> _Exercise brief_
From the entries below, print exactly the span beginning with the line holding "DROVING IN GIPPSLAND" and ending with the line holding "今日,CBA官方分享全明星投票首周结果:徐杰南区票王,赵睿北区票王。", endpoints included, and skip any pictures.

Start of Task input

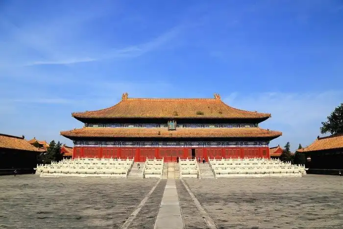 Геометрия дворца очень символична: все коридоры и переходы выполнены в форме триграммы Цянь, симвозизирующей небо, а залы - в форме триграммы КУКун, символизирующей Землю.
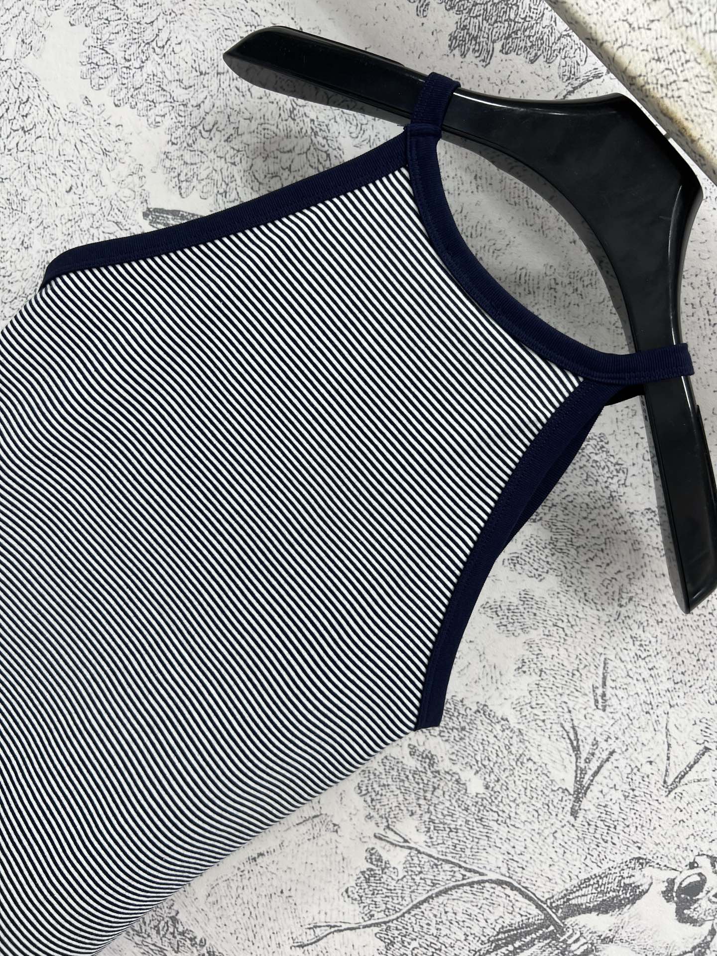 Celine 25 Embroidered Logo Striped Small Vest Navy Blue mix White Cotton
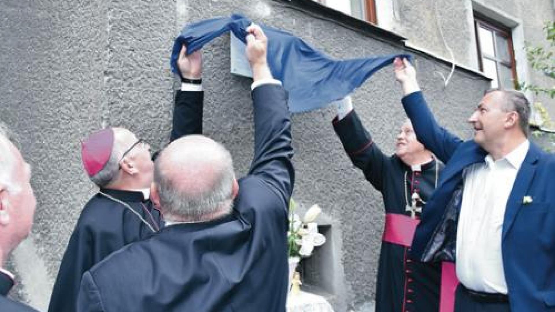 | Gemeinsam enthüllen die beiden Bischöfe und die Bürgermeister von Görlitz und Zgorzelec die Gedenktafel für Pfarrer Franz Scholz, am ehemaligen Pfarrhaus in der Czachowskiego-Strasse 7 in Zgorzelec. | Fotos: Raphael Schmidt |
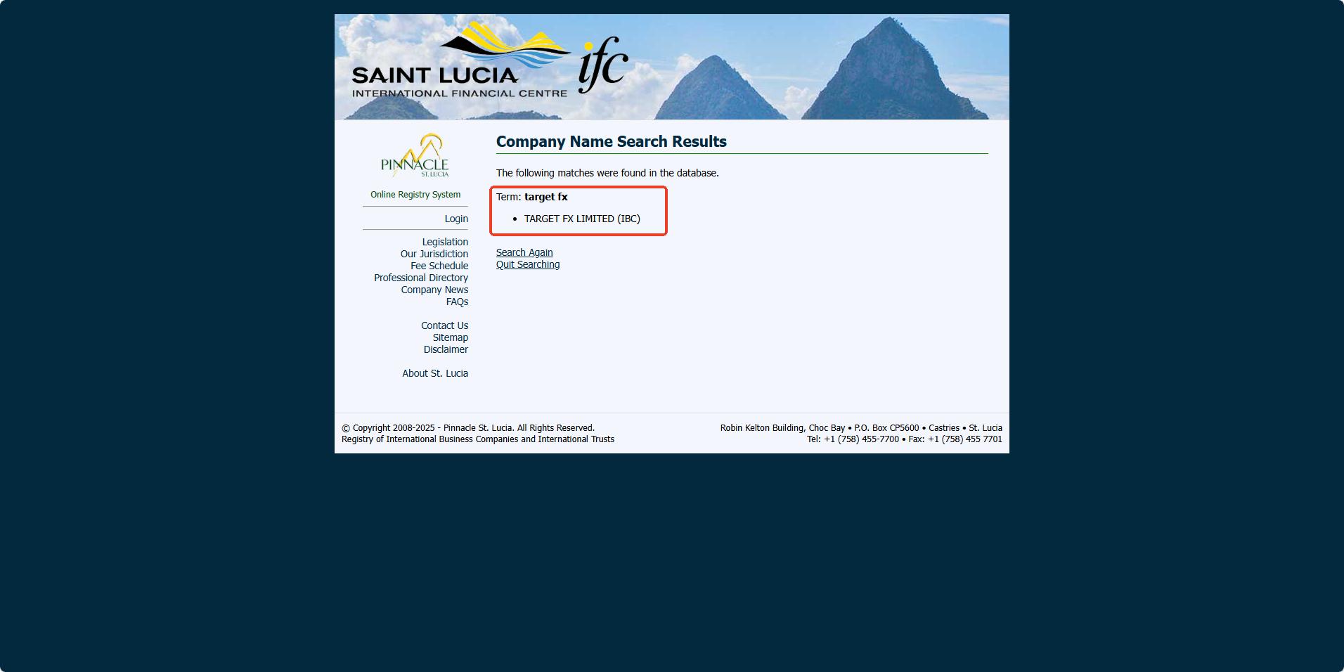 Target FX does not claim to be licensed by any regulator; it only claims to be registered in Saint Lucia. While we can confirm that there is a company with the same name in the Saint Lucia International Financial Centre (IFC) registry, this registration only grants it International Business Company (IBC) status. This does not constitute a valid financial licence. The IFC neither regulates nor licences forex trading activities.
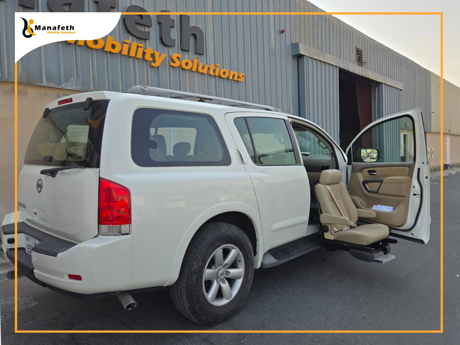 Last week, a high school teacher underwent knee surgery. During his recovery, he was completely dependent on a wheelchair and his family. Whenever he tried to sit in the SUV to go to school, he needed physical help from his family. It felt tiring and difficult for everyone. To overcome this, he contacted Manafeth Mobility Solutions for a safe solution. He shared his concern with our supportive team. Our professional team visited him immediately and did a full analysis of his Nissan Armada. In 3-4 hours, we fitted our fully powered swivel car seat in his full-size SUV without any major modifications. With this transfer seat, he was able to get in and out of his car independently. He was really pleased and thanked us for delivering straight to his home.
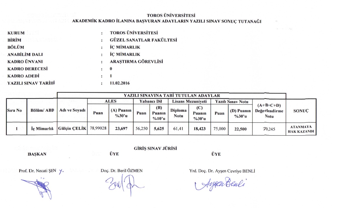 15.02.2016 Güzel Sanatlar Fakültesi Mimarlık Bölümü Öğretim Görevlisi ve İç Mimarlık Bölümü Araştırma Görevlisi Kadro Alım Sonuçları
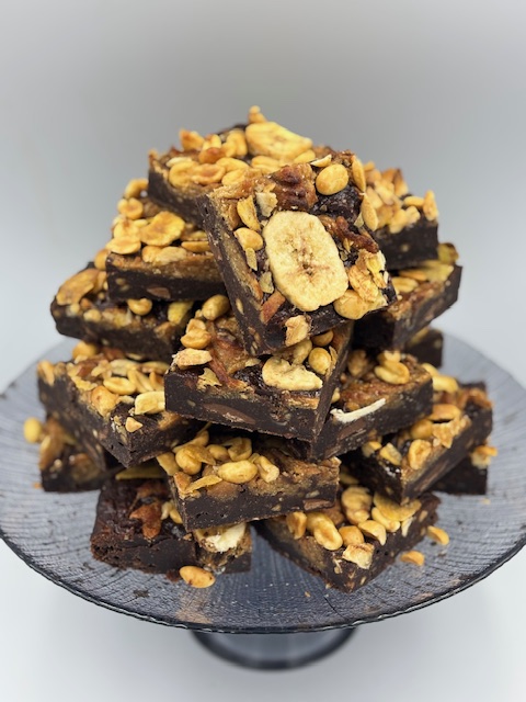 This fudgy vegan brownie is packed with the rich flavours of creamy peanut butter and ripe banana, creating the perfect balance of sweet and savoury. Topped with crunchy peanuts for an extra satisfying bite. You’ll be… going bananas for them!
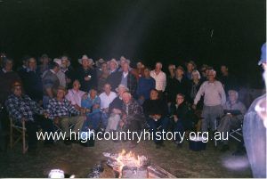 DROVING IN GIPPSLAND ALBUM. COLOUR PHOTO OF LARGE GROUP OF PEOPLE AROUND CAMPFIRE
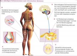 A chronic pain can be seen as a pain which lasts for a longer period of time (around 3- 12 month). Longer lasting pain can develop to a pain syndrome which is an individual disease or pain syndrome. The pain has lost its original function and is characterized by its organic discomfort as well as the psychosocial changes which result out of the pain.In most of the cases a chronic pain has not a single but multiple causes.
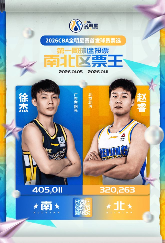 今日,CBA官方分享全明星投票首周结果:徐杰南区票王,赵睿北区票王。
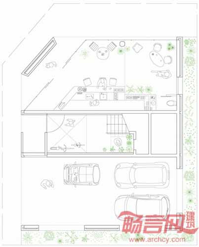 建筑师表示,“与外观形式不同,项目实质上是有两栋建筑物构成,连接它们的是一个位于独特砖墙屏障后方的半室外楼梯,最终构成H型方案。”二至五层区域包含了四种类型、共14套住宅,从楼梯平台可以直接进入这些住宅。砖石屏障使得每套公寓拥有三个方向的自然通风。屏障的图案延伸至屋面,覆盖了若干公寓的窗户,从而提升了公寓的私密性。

End of Task input
Start of Task input

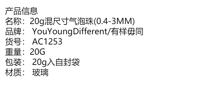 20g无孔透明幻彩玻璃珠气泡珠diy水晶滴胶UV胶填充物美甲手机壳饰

End of Task input

> _Worked solution_
 DROVING IN GIPPSLAND ALBUM. COLOUR PHOTO OF LARGE GROUP OF PEOPLE AROUND CAMPFIRE
 A chronic pain can be seen as a pain which lasts for a longer period of time (around 3- 12 month). Longer lasting pain can develop to a pain syndrome which is an individual disease or pain syndrome. The pain has lost its original function and is characterized by its organic discomfort as well as the psychosocial changes which result out of the pain.In most of the cases a chronic pain has not a single but multiple causes.
 今日,CBA官方分享全明星投票首周结果:徐杰南区票王,赵睿北区票王。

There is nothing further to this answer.